Participants were asked to carry one of two GPS devices (ie, iBlue 747: TSI: Hsinchu, Taiwan, Columbus V990: Columbus: Germany) for 7 consecutive days. In 2019, the iBlue devices malfunctioned. This led to a shift to the Columbus V990 GPS during the latter half of the study. Most participants carried the iBlue device at baseline. Participants were instructed to charge the device overnight and complete a paper-based activity log to record when they put the device on or off and if they removed the GPS device for more than 20 minutes during the course of the day. Baseline GPS data collection took place from July 2016 to October 2019.
Inclusion and Exclusion Criteria
Wear days
A total of 249 participants were enrolled in the PRIMA study. However, GPS data collection did not begin until after the PRIMA study started. Of the 249 participants, 209 were asked to carry a GPS device. After removing participants with data download errors (n = 23), complete equipment failure (n = 2), lost devices (n = 1), or noncompliance (n = 1), 182 participants had baseline GPS data. Upon reviewing the distributional characteristics of the GPS data, 16 participants with less than 5 days of wear were excluded over concerns of noncompliance, device malfunction, signal loss, or nonrepresentativeness of one’s movement throughout the community. Seventeen individuals with fewer than 5 wear days with at least 20% of time spent inside the home (eg, on vacation away from home) were also excluded to ensure the robustness of the data. Our final analytic sample included 149 participants. The demographic characteristics of the excluded participants were not statistically significantly different from the analytic sample (data not shown).
Clinic Measures
Participants completed several tests at the clinic to evaluate physical and cognitive performance (13). Clinic measures of physical function included: (a) mobility, as measured by usual gait speed on a 14-foot instrumented walkway system (Zeno Walkway, Protokinetics LLC, Havertown, PA) (13), (b) endurance, assessed by the distance traveled during a 6-Minute Walk Test (14), and (c) skilled walking, characterized by the time to complete the Figure of 8 Walk (15).
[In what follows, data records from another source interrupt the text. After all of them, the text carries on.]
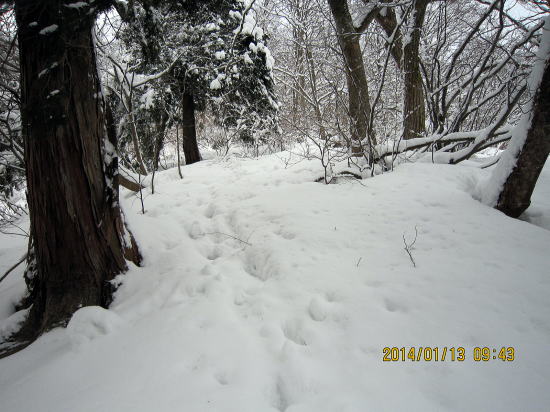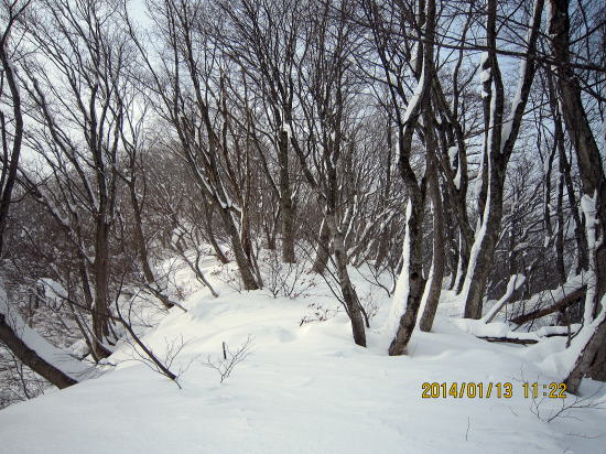 | 70㎝ほどの新雪です。 | 11:15尾根部700mに達しましたがヤブは濃いです。 |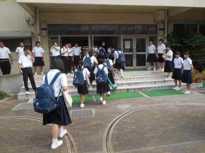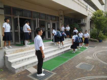 今朝は住南小へ生徒会役員の人たちがあいさつ運動へ行ってきました。その後、住中であいさつ運動です。お疲れ様です。玄関を入ったところには吹奏楽部の人たちもあいさつ運動参加です。みんな、ありがとう。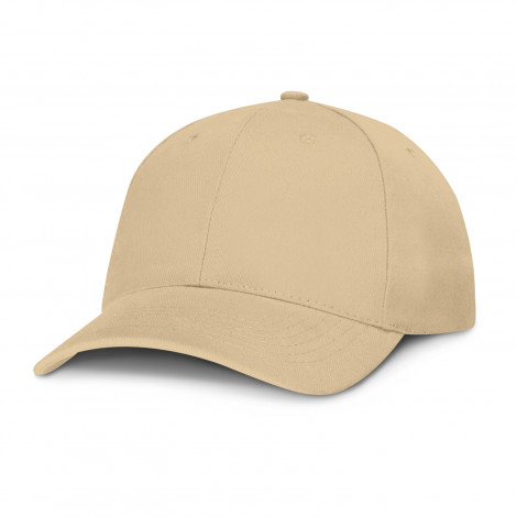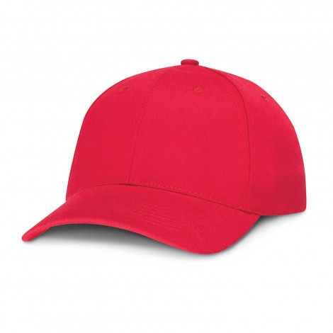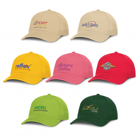 Structured six panel, heavy brushed cotton cap with embroidered eyelets, a pre-curved peak, a sweat band and an adjustable closure complete with a metal buckle which allows one size to fit most people.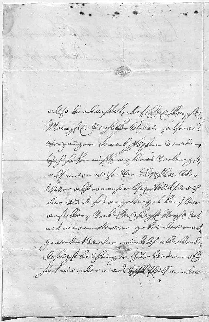 0021den Kaißer sehr schwehr, iah zue sagen vnmöglich 0022vallen wirt, solche capitalien abzuzahlen. Ich findt 0023auch, das es vohr vnsern herrn brudern selbst höchst schädlich 0024ist, dan es scheindt, das dorten gahr ein schlechte 0025economia gefürdt werde, vndt wan er die capi- 0026talien nach vndt nach verzehrt, wirt ihm entlich 0027gahr niks vbrich bleiben. Dero Liebden wollen ihm doch über 0028eins vnd anders zueschreiben, nemlich ein baldige 0029resolution einer heirat vndt beßrer economia, 0030das er seine capitalien nicht angreifen solle, 0031welches ich auch nit weis, ob er mit gewißen 0032duen kan, weil seiner dochter auch dauon gehört. 0033Ich due dero Liebden gahrzu lang aufhalten, bitte nach- 0034mahlen, wan sie noch die allzeit gezeigte, wie woll 0035von mir vnuerdiente lieb gegen mich dragen, sich 0036mit eigenhendiger antwort nit zue bemühen, 0037sondern nuhr mit andrer hant mich dero continuirten 0038vndt gutten wollstandt zu versichren, so bin ich content, 0039die ich lebe vnd sterbe 0040dero Liebden 0041getrewste schwester 0042Eleonora 0043Wien den 22ten merz 1713 0044Den Ralshausen due auch in dero Liebden gnad befehlen.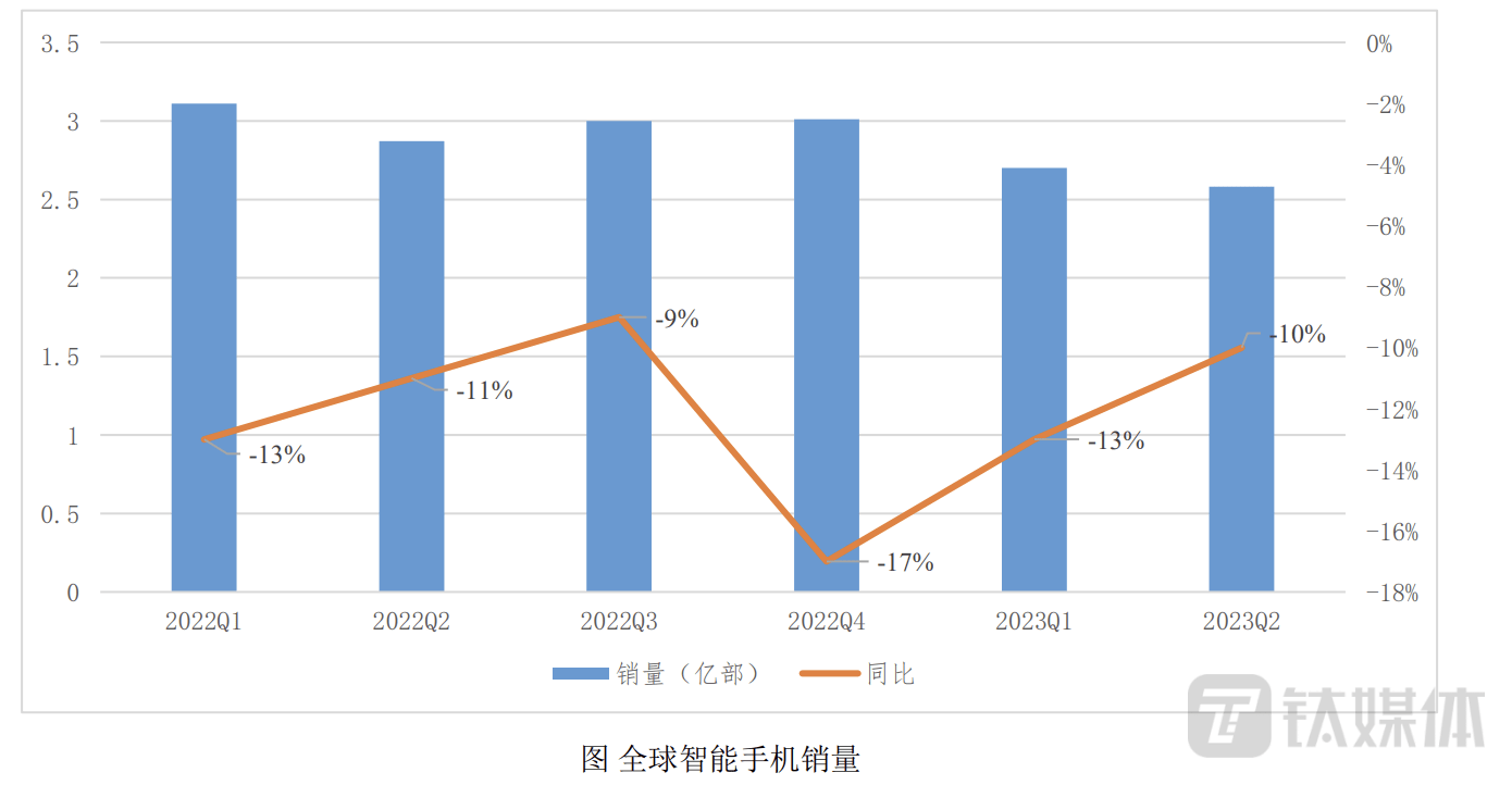 但随着消费电子行业景气度下滑,叠加过去三年居民消费能力下降等因素,消费电子产品如智能手机销量持续下降,进入2023年,智能手机行业继续延续下降态势。据CANALYS的统计数据显示,2023年上半年,智能手机的总体销量约5.28亿部,同比下降12%。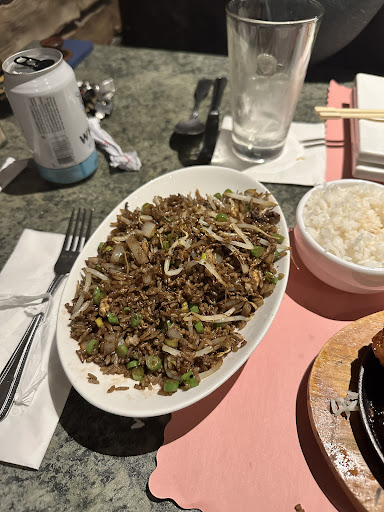 I had teriyaki chicken and fried rice, which came with a salad. The dressing for the salad was a sad, shelf-stable version of the normally delicious ginger dressing. The fried rice was extremely dark, so I thought it would be overseasoned and too salty, but it somehow tasted like nothing. It was really weird - no garlic flavor and not even any soy sauce flavor. The chicken was extremely tough. I had high hopes since it came out on a sizzling hot skillet, but it was inedible. The teriyaki itself was okay flavor-wise. I normally never speak up, but the food was actually so bad that I told the waitress.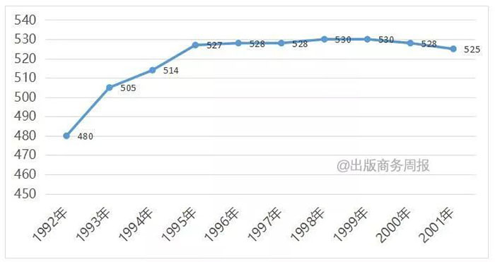 图4 优化调整时期(1992-2001)图书出版总量规模变化趋势图

The cognitive measures included: (a) global cognition, assessed with the Modified 3MS (12), (b) psychomotor speed, as measured by the time to complete the Trail Making Test, Part A (16), and (c) task switching, characterized by the time to complete the Trail Making Test, Part B (16).
GPS Battery-Saving Mode
The GPS devices went into an idle, battery-saver mode when movement, as measured by a built-in accelerometer, or satellite signals were not detected for a certain amount of time (ie, 2–5 minutes). Once the movement was detected, the devices would reinitialize and resume data collection. Thus, the sampling rate varied based on the participant’s movement patterns. When the device was in motion, the iBlue had a typical sampling rate ranging from 5 to 30 seconds, while the V990’s usual sampling rate was 1–3 seconds. While the power-saving features extended the device’s battery life by allowing for multiple days of wear time without recharging, it introduced the need for time-weighted approaches when obtaining activity space measures given the nonuniform sampling intervals.
Community Mobility Measures
To capture community mobility, 4 components were measured and are described later: (a) activity space using the area of the standard deviational ellipse (SDE), (b) activity shape, as derived by the compactness (eg, circularity) of the SDE, (c) activity duration, from the time spent out-of-home, and (d) activity distance, from the maximum distance traveled from home. After reviewing the literature, these indicators were selected to capture all 4 characteristic aspects―space, time, movement scope, and attribute―that can be classified from GPS-derived measures of community mobility (17). We calculated daily measures and median measures during the week for each community mobility indicator to reduce the impact of outlier travel days and better estimate stable patterns of movement in the community throughout the week.
Activity space and shape
SDE area.—
The SDE is commonly used to illustrate the directional distribution of geospatial points and characterize one’s activity space (eg, the spatial extent of one’s travel to complete daily activities) (18–22). Similar to previous studies, we generated a one standard deviation SDE which contains approximately 68% of the participant’s GPS data to characterize activity space (21,22). Given the variable sampling intervals from the battery-saving features, the SDE was time-weighted such that each point was weighted by the time spent at each location (23).
SDE compactness.—
Compactness measures the shape of the activity space. It is calculated as the “ratio of the perimeter of a circle with the same area to the perimeter of the observed activity space.” (21) Values range from zero to one and represent how circular one’s activity space is (24). As one’s activity space becomes more circular, the compactness value gets closer to one.
Activity duration
Time out-of-home.—
Time spent outside of the home was characterized as both a median daily percentage and an overall total percentage. Overall percentage of time out-of-home represents the proportion of time spent outside of the 120 m home buffer out of the total time the device was worn across the entire wear period. Median daily percentage time out-of-home represents the median proportion of time spent outside of the 120 m home buffer out of the total time worn that day, provided at least some time was spent in home (ie, removing days on vacation).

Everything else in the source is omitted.